Task requirements> Given the records below, the lines starting at the line with "Ulice Na Koutě" and ending at the line with "Составляем рабочую программу." should be output exactly, both end lines kept and pictures left out.

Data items
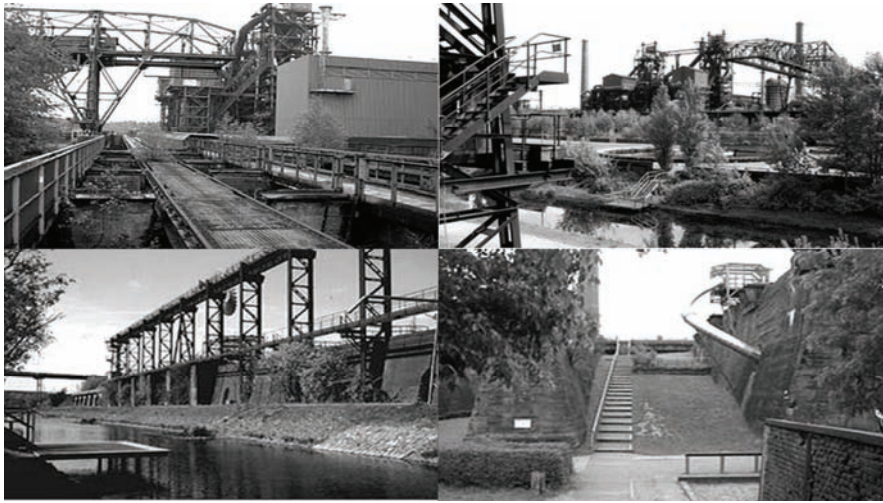
Fig. 7: Diusburg Nord, Park.

Los nuevos supuestos de un “ecohumanismo” tratan aquí de compatibilizarse con una percepción sensible de lo degradado, la fascinación formal de las ruinas industriales (Marrodán, 2007). Este nuevo paisajismo trata de desviarse del camino conducente a las intervenciones de carácter mítico-simbólico en el medio apoyándose en los valores antropocéntricos y tecnológicos que actúan como deudores de la cultura ilustrada derivada hacia una actual cultura de masas. Destilan actualidad como dominio de actuación del arte que interviene sólo como sustitución gratificante de la falta de armonía en el entorno contemporáneo y como mediador en la angustia y desazones emocionales causadas por el deterioro del medio ambiente.
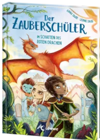
Der Zauberschüler (Band 3) - Im Schatten des roten Drachen Hardcover
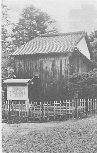
生け垣、案内板など周囲の整備も終わった香山公園内の枕流亭
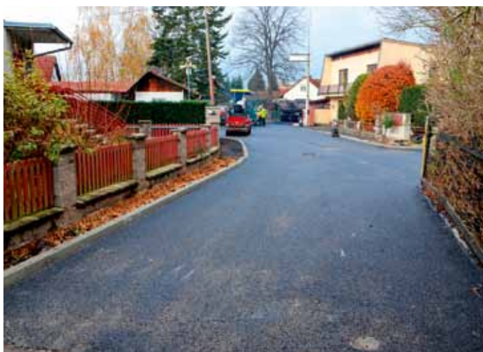
Ulice Na Koutě má nový asfaltový povrch. V přípravě je pokládka chodníků - listopad 2024
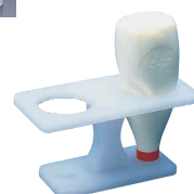
⑫ PC マヨネーズ立て [BDPS-17] 目

材質:本体/ポリエチレン キャップ/ポリプロピレン ●先端に5つの穴が開いており、マヨネーズ等を格子模様にレイアウトできます。 ●蓋が付いているので、衛生的です。
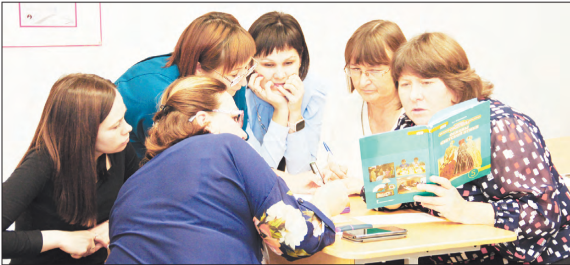
Составляем рабочую программу.

«За что ни берется русский человек, он это не только механически принимает, но и осваивает, творчески перерабатывает и развивает!»

Result for this exercise>
Ulice Na Koutě má nový asfaltový povrch. V přípravě je pokládka chodníků - listopad 2024
⑫ PC マヨネーズ立て [BDPS-17] 目

材質:本体/ポリエチレン キャップ/ポリプロピレン ●先端に5つの穴が開いており、マヨネーズ等を格子模様にレイアウトできます。 ●蓋が付いているので、衛生的です。
Составляем рабочую программу.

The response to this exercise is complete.